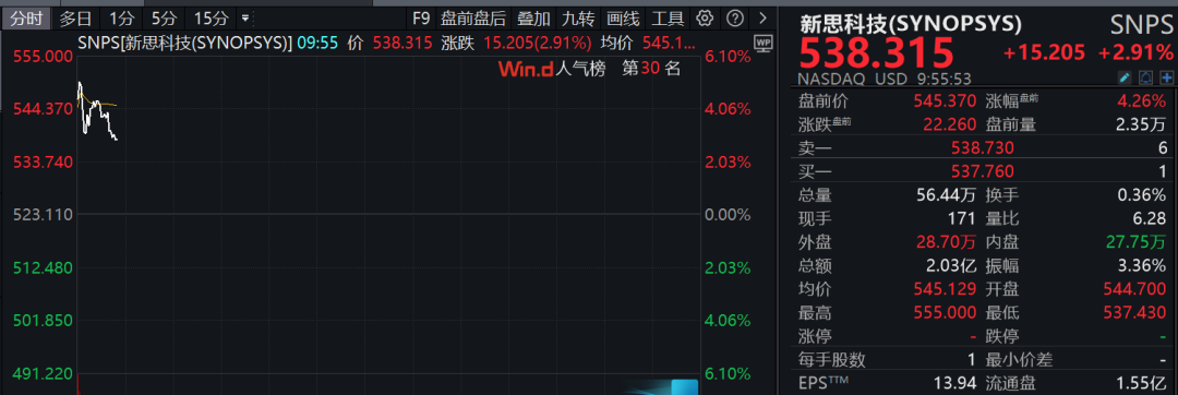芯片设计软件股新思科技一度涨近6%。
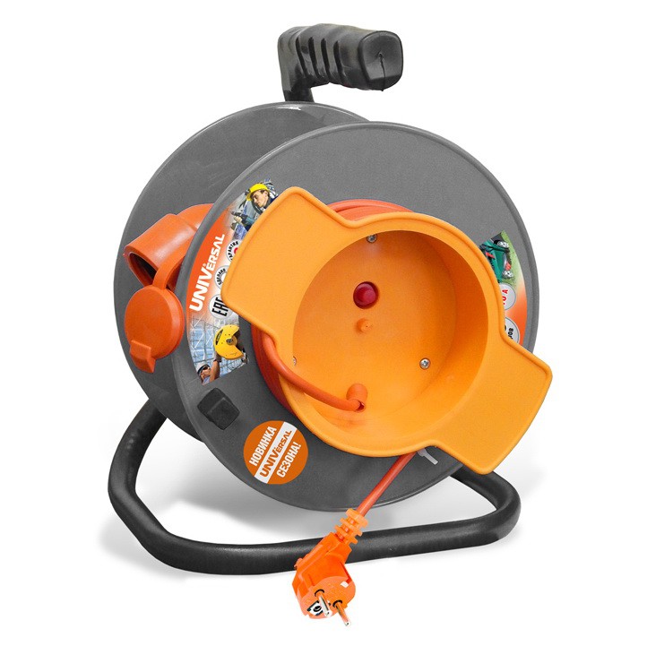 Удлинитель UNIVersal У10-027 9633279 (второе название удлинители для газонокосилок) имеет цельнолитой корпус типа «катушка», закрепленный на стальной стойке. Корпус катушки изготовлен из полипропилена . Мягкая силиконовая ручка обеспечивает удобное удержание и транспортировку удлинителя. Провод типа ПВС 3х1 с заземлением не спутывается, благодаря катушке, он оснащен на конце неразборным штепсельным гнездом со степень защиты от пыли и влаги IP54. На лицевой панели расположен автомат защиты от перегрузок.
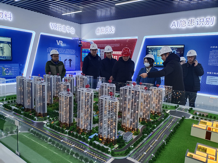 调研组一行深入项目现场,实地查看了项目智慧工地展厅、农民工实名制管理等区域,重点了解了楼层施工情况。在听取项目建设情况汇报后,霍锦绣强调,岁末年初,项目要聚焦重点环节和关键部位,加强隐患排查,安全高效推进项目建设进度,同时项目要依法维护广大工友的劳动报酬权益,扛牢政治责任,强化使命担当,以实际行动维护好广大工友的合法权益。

|---|

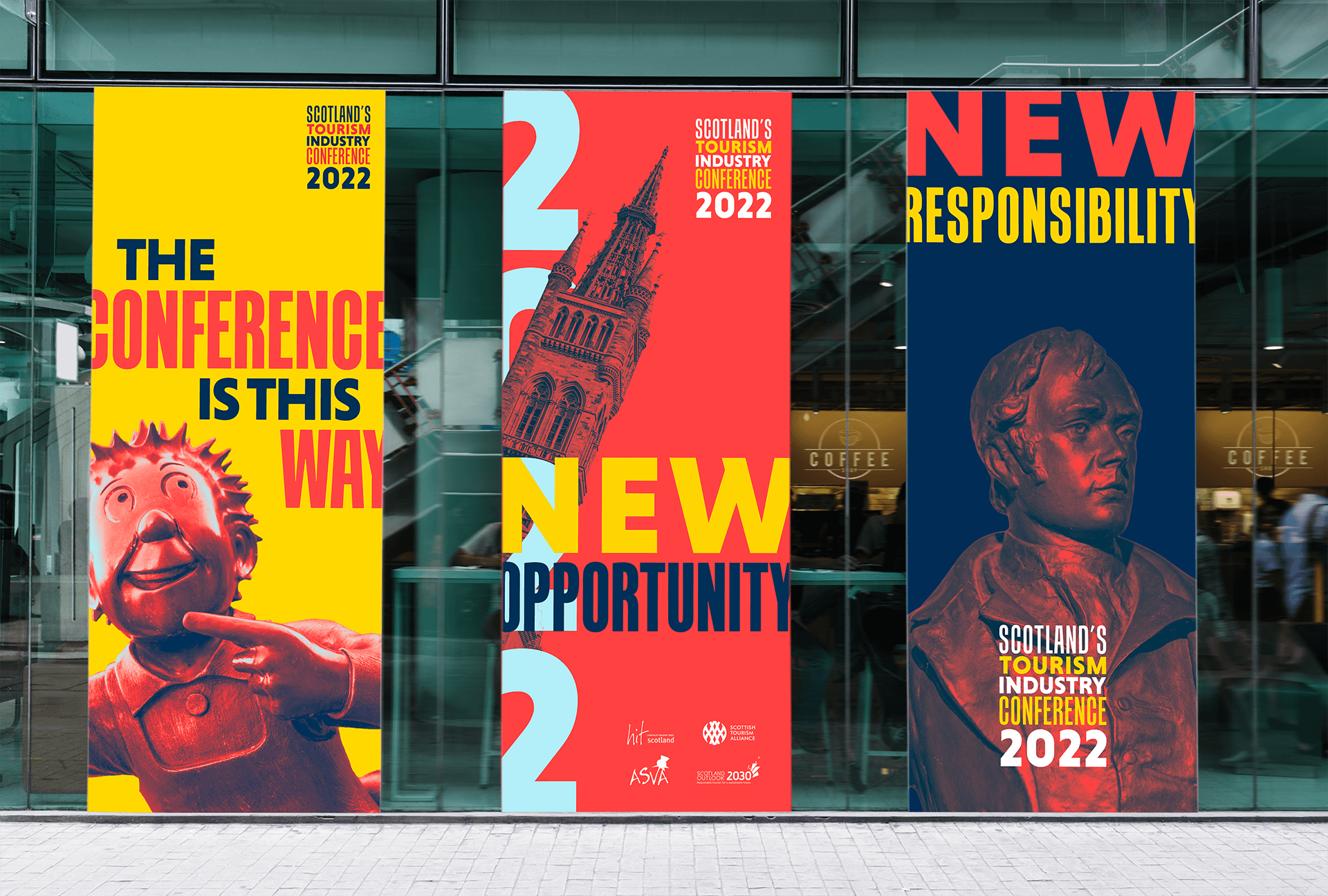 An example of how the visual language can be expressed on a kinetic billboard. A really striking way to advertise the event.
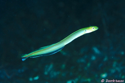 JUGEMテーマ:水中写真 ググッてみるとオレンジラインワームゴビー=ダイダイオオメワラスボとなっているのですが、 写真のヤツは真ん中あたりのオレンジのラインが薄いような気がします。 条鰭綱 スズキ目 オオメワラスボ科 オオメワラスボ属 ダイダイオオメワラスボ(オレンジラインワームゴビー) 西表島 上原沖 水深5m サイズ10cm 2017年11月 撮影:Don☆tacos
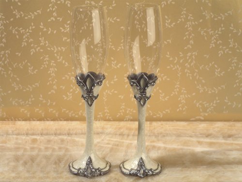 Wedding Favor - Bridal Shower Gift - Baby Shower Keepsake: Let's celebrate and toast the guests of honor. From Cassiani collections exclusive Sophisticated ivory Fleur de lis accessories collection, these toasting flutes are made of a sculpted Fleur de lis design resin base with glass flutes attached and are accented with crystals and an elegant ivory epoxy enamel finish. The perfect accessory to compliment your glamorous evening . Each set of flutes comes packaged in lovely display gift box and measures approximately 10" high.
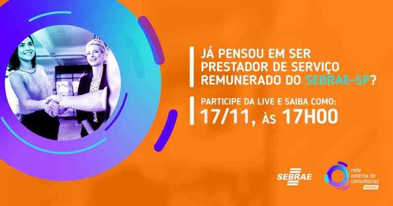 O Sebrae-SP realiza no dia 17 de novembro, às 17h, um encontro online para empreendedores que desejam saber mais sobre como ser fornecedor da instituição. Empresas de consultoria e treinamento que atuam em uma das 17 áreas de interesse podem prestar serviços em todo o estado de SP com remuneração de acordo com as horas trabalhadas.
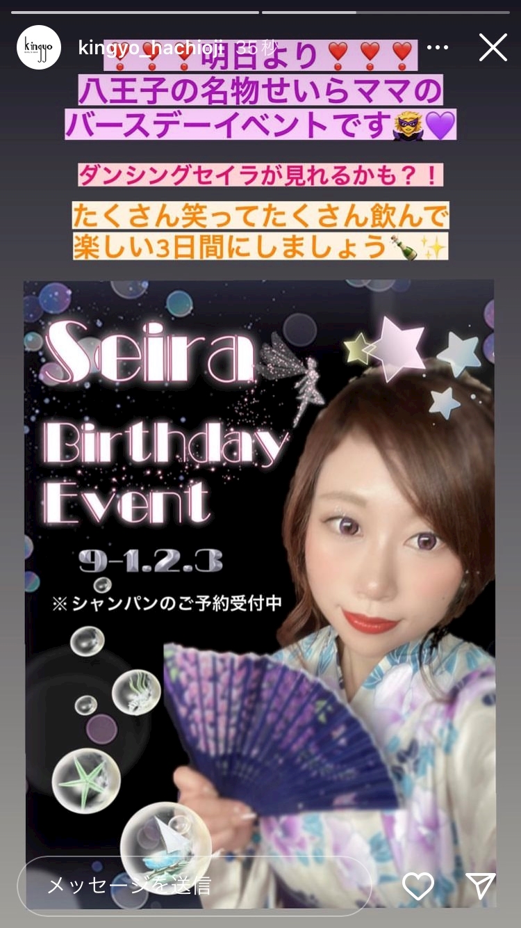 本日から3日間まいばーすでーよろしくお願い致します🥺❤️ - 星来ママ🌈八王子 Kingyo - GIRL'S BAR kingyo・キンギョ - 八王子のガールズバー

|---|

Return exactly the part of the listing above that opens with the line containing "O Sebrae-SP realiza" and closes with the line containing "本日から3日間まいばーすでーよろしくお願い致します🥺❤️ - 星来ママ🌈八王子". Pictures stay out.

WRITTEN ANSWER
 O Sebrae-SP realiza no dia 17 de novembro, às 17h, um encontro online para empreendedores que desejam saber mais sobre como ser fornecedor da instituição. Empresas de consultoria e treinamento que atuam em uma das 17 áreas de interesse podem prestar serviços em todo o estado de SP com remuneração de acordo com as horas trabalhadas.
 本日から3日間まいばーすでーよろしくお願い致します🥺❤️ - 星来ママ🌈八王子 Kingyo - GIRL'S BAR kingyo・キンギョ - 八王子のガールズバー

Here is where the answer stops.